It was grape juice, and based out of Niagara Falls although it looks like they had a nationwide distribution, or were at least attempting that in 1921.  Here's what I found: "A Good Idea — would be the purchasing of a small stock of Marsh's Grape Juice — but the profits will re- pay you doubly. This delicious Grape Juice is of a high standard quality — pressed from sound Concord grapes. The Marsh Grape Juice Company Niagara Falls, Ont. Agents for Ontario, Quebec and Maritime Provinces : The MacLaren Wright, Ltd. Toronto and Montreal Agents for British Columbia : F.G. Evans Co., Ltd.

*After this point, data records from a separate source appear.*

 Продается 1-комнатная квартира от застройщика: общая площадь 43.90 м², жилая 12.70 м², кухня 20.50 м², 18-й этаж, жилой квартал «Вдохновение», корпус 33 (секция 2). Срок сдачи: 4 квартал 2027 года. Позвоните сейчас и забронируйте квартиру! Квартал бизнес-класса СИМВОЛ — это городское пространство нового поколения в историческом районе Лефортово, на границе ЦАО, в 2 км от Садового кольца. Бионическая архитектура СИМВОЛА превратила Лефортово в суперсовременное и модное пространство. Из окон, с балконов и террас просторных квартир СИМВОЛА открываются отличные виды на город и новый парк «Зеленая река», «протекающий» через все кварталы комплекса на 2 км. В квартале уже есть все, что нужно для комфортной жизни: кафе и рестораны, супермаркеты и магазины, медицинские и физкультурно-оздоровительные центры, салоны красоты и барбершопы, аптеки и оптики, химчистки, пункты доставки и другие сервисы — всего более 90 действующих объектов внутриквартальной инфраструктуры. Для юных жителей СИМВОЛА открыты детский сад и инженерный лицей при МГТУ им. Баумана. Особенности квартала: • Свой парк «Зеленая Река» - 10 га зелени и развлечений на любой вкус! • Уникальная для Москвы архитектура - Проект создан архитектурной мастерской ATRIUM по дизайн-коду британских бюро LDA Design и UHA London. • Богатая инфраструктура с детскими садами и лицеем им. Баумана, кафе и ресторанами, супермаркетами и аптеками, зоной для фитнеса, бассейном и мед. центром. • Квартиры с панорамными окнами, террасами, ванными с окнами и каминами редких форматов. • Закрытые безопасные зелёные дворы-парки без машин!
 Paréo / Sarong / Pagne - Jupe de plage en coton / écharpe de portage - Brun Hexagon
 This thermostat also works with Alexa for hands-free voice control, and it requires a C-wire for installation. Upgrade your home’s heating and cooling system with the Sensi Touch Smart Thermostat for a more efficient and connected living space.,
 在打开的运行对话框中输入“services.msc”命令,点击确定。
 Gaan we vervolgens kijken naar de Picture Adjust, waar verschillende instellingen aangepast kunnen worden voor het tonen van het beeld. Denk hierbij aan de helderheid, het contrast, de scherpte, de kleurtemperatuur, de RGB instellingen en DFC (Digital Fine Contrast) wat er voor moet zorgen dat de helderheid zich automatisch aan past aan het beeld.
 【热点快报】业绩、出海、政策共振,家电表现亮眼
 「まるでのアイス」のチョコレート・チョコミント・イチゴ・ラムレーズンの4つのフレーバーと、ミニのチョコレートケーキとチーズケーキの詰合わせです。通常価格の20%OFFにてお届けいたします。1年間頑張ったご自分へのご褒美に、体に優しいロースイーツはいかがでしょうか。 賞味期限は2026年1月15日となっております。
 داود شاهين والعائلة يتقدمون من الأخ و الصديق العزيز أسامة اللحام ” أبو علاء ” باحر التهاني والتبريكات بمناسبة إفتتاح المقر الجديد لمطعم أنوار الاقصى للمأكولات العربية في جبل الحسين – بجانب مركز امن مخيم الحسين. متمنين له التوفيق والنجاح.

Toronto and Montreal " That's what I found here: https://archive.org/stream/cangrocerjulydec1921toro/cangrocerjulydec1921toro_djvu.txt  They didn't seem to be too successful, since I've never seen one of their bottles before.


----------



## RCO (Aug 1, 2016)

after not finding any of these I actually found a third bottle at another location about a week ago , its not in as nice shape , very worn and scratched from being underwater and near rocks and such . 

Niagara falls would make sense as its where a lot of the grapes and fruit was grown back then . Welches has a similar grape juice bottle which is common to find, its likely they had a much bigger share of the juice market back then , so marshes was a small player in Canada .


----------